Lowering switch statements with hashing

Jasper Neumann jn at sirrida.de
Thu Jan 16 14:07:23 PST 2014


Hello Anton, hello all!

 > Will you please provide RFC outlining the algorithm itself and
 > possible some benchmarks as the .txt definitely does not contain
 > enough details...

Well, we (a friend of mine and myself) set up a paper as mentioned in 
hash_llvm.txt which is downloadable at 
http://programming.sirrida.de/hashsuper.pdf and describes the simple* 
variants. These should produce code like this:

	imull	magic, %edi, %ecx
	shrl	$27, %ecx
	cmpl	ValTable(,%rcx,4), %edi
	jne	default
	jmpq	JumpTable(,%rcx,8)

The first two lines in this example are the hash function; a value 
comparison and an indirect jump follows.

The Jenkin's methods which will usually be used for bigger label sets 
(about 24 or more labels) produce 2 hash values a and b and the final 
hash function is evaluated as h(a,b) = a ^ BTable[b]. For very large 
BTable's an additional scramble table is applied to save some space; the 
threshold can be adapted.


 > I'm a bit concerned about perfect hashing since it usually (classic
 > implementations by Jenkins or MPH) involves two loads with the second
 > load from the location computed by a first load and thus this in many
 > cases yields two cache misses in a row.

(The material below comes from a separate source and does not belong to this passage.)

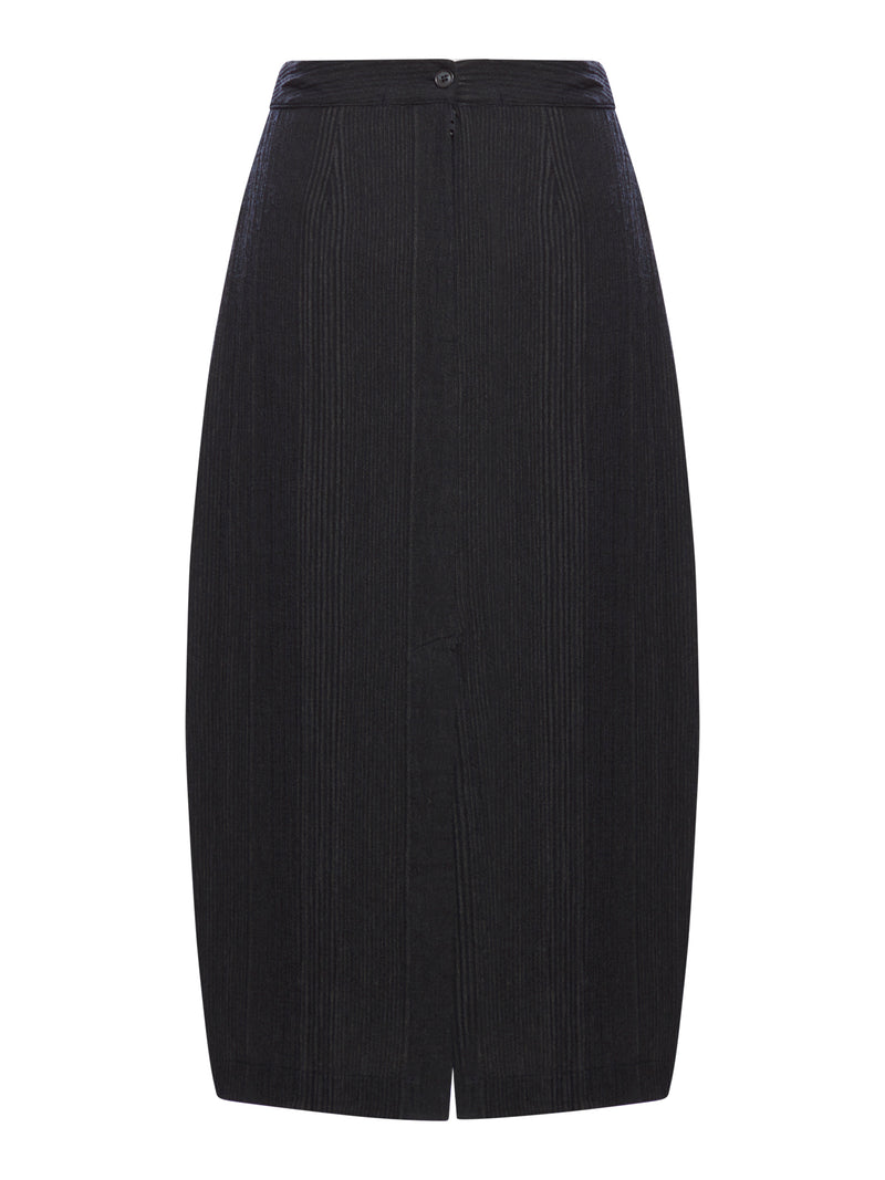 -Lined balloon-line skirt in wool blend fabric with a pinstriped pattern and a wavy look -2 patch pockets with 2 free pleats -Zip and button fastening -Overlapped slit on the back -Black

You will find some artificial benchmarks in the mentioned paper.
For periodic patterns the decision tree might give better times than a 
jump table approach, however I don't know how to simulate this.
A decision tree also produces a lot of cache misses because of the large 
code involved.
At least a jump table uses a lot less branch prediction table entries 
which can be used otherwise.
Real world test can be done now since a real implementation is available 
with my patch. Also, I have provided some parameters which influence the 
code generation such as the selection of the used hash algorithms; if 
needed, I can easily provide others as well.